Member of the Nebraska Legislature from the 22nd district
- In office January 8, 1975 – January 5, 1983
- Preceded by: Herb Nore
- Succeeded by: Lee Rupp

Personal details
- Born: December 3, 1934 David City, Nebraska
- Died: September 17, 2018 (aged 83) Columbus, Nebraska
- Party: Republican (until 1981) Democratic (1981–2018)
- Spouse: Judy Kosch ​(m. 1963)​
- Children: 2 (Donald, Anthony)
- Education: University of Nebraska (B.S.)

= Donald Dworak =

American politician (1934–2018)

Donald "Don" N. Dworak (December 3, 1934 – September 17, 2018) was an American politician and insurance executive from Nebraska who served as a member of the Nebraska Legislature from the 22nd district from 1975 to 1983. He was originally elected as a member of the Republican Party, but switched to the Democratic Party in 1981. He later served as director of the Nebraska Department of Economic Development from 1983 to 1985, and as a member of the Nebraska Liquor Commission from 1985 to 1992.

==Early career==
Dvorak was born in 1934 in David City, Nebraska. He graduated from the University of Nebraska, and worked in insurance and real estate.

==Nebraska Legislature==
In 1974, State Senator Herb Nore declined to seek re-election to a fourth term, instead launching a brief campaign for Congress. Dworak ran to succeed him in the 22nd district, which included Blaine, Nance, and Platte counties.

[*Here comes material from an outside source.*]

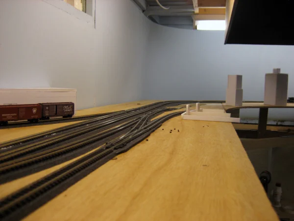 Because the staging was so huge (providing for four trains in either direction plus locals, plus RI trains, plus passenger trains) it created a situation where half of my layout room was off-scene in staging, and made the layout less an exercise in modelling the mainline and more an exercise in shoehorning as much operation in a town with no terminating or originating trains and twenty times the through-trains compared to those that stopped. Despite my best efforts I was unable to shake the feeling that I was compromising too much again, this time in the layout/staging ratio and the incredible lengths I was going to, to operate the layout like a switching plank.

In the nonpartisan primary, he faced farmer Kenneth Torczon and Columbus City Councilwoman Everlyn Kusek. In the primary election, Torczon placed first with 43 percent of the vote, Dworak placed second with 42 percent, and they both advanced to the general election. Dworak defeated Torczon in a landslide, winning his first term, 60–40 percent.

During Dworak's first term in the legislature, he sponsored the Nebraska Habitat Stamp Act, which imposed a hunting license fee to fund the acquisition and preservation of new wildlife areas. The Nebraska Wildlife Federation named Dworak the "outstanding conservationist of the year" for his efforts to pass the bill.

In 1978, Dworak considered running for higher office, but ultimately opted to seek a second term in the legislature. He was challenged by Harry Schumacher, an insurance agent. In the primary election, Dworak placed first by a wide margin, receiving 77 percent of the vote to Schumacher's 23 percent. However, on August 22, 1978, Schumacher withdrew from the race, observing that Dworak was "an exceptionally fine competitor that I'm afraid I can't beat." Dworak was re-elected unopposed.

Dworak switched to the Democratic Party in 1981, explaining that "the Nebraska Democratic Party has a broader diversity of people and ideas" and "provides an infinitely broader forum for new ideas and concepts to be openly and freely discussed." Though Dworak's party switch was seen as an effort to seek the Democratic nomination for Governor in 1982, he ultimately declined to run, and did not seek re-election to the legislature.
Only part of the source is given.